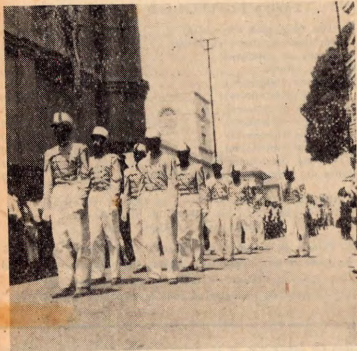
De no haber sido tan oportuno este generoso concurso en la gallarda defensa de nuestras libertades por el ejército costarricense, Nicaragua y C. R. y posiblemente todo Centro América, gemirían llenas de dolor y oprobio a los pies del bucanero invasor.

MORA, CAÑAS, SANTAMARIA, tríptico glorioso de la épica jornada. La fervorosa lealtad de estos hombres que escucharon el grito de la patria centroamericana angustiada y en peligro, tiene un claro sentido epopéyico que recuerda los héroes de la Iliada.
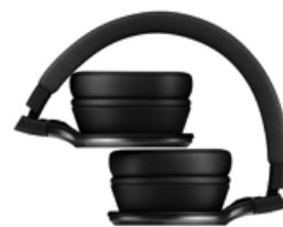
折り畳みイメージ
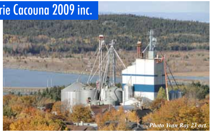
23 oct.

La MRC des Basques et la Première Nation Malécite de Viger souhaitent l'intervention du gouvernement du Québec afin de créer le Parc Inter-Nations et redonner accès à la population à un territoire public de quelque 150 kilomètres carrés, dont l'accès est présentement restreint par les privilèges exclusifs accordés à un club privé de chasse et de pêche. Partenariat unique au Québec, le projet prévoit le développement d'activités touristiques, de plein air et d'hébergement, de même que l'établissement d'un hôtel, d'un restaurant, d'un musée et d'un centre de ressourcement. Les droits de chasse à l'original y seraient déterminés par tirage au sort, accessible à tous, dans le respect de la Loi sur la conservation et la mise en valeur de la faune.
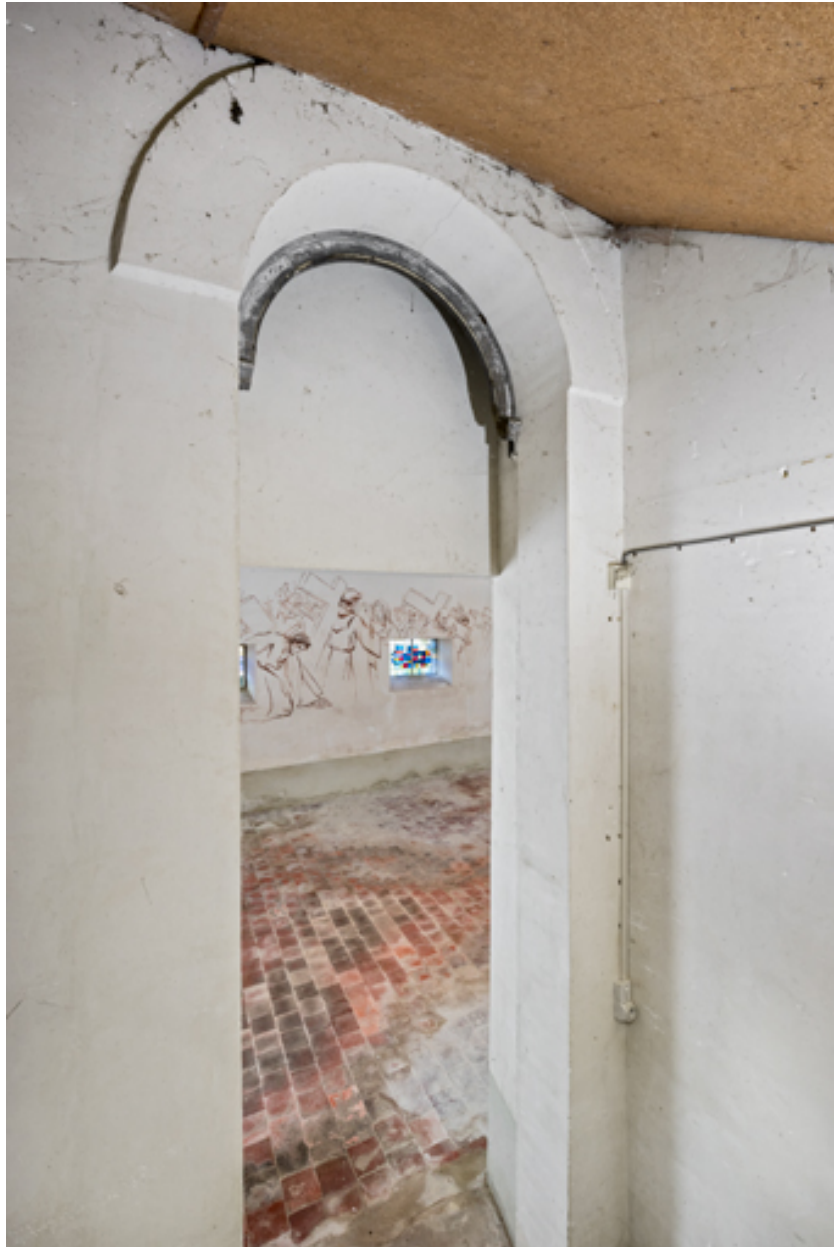
Vue de la baie de la sacristie.
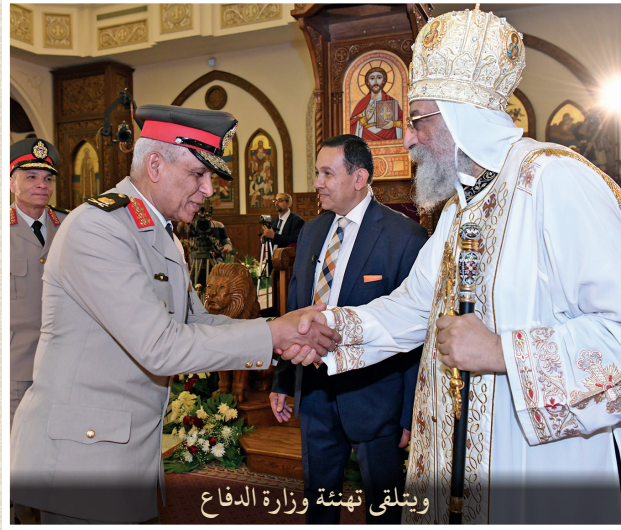
ويتلقى تهئة وزارة الدفاع
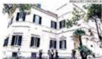
Luiss. Il palazzo acquistato dal gruppo Toti per 117 milioni
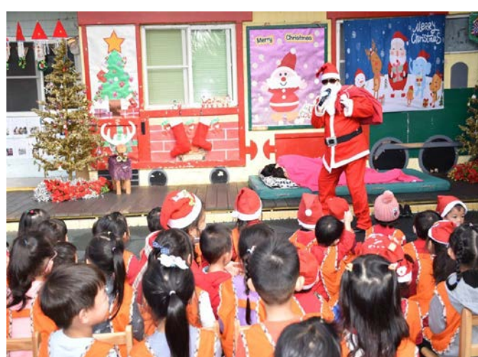
照片二：聖誕老人進城來
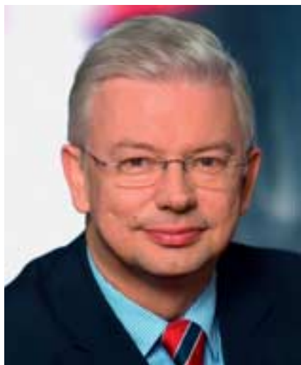
Roland Koch Ministerpräsident von Hessen

stellt, sehen sich die betroffenen Menschen einem dramatischen Eingriff in ihr Leben ausgesetzt. Wir müssen zur Kenntnis nehmen, dass solche Eingriffe zu allen Zeiten und in vielen Teilen der Welt vorkommen. Dies weckt unser Mitgefühl für die Opfer und unsere Empörung gegen die Tat. Unsere Pflicht ist es, den Opfern der Vergangenheit zu gedenken, ihr Leiden zu würdigen und das Unrecht zu benennen. Millionen Deutsche haben in der Mitte des 20. Jahr-
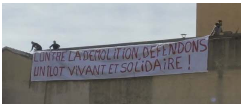
Fig. 6 : Déploiement d'une banderole sur l'îlot Mazagran.
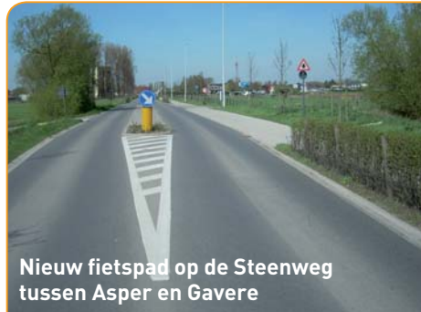
Nieuw fietspad op de Steenweg tussen Asper en Gavere

Er werden ook een aantal minder in het oog springende zaken gerealiseerd zoals een vistrap op de Moergracht ter hoogte van de monding in de Kriephoek (Semmerzake), de aanplant van essen langs de Donktstraat (Asper), het herstel van het netwerk van knotwilgen in de meersen te Semmerzake en de aanleg van een poel voor amfibien.
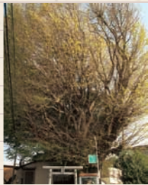
▲「道祖神社のイチョウ」 東船橋駅から徒歩5分ほどの場所にある道祖神社のイチョウ。名木10選の一本

市内の神社の多くには紅葉樹が植えられていて、シーズンには鮮やかな紅葉を楽しむことができます。代表的なところとしては、船橋名木10選に選ばれている「二宮神社のイチョウ」「道祖神社のイチョウ」「葛羅井のケヤキ」などが挙げられます。市内北部に位置する「船橋県民の森」も紅葉が楽しめるスポットです。15haの自然そのままの姿を残す森のなかにはモミジなどが生い茂り、11月下旬～12月上旬くらいまで美しい紅葉を見ることができず。
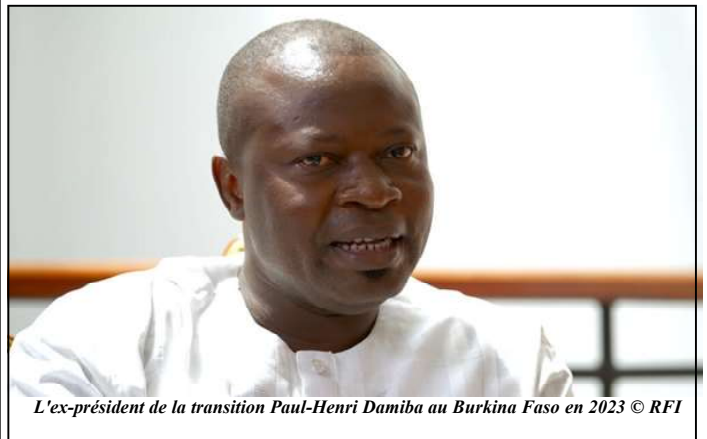
L'ex-président de la transition Paul-Henri Damiba au Burkina Faso en 2023
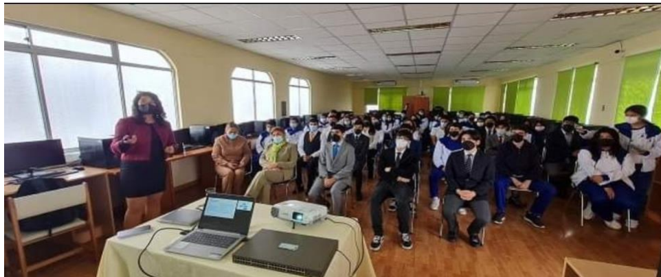
Diálogo región de Arica y Parinacota

En el siguiente recuadro se detallan los diálogos efectuados durante la gestión 2022.
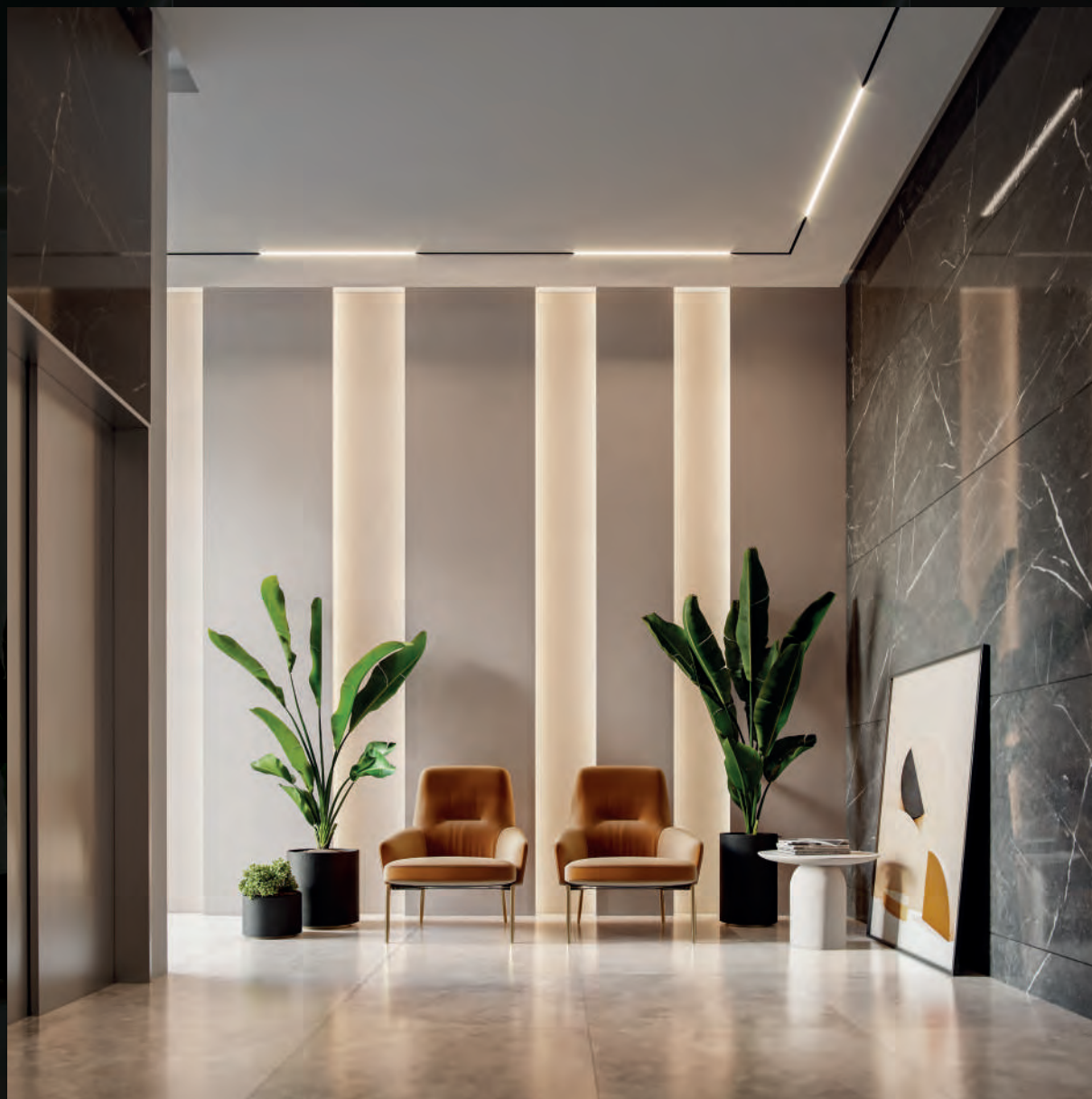
HALL DE ENTRADA RESIDENCIAL

◆ TASK OBJECTIVE ◆
From the material above, tally every line that includes the word "道祖神社のイチョウ" and state the count only.

◆ ANSWER FOR THE TASK ◆
2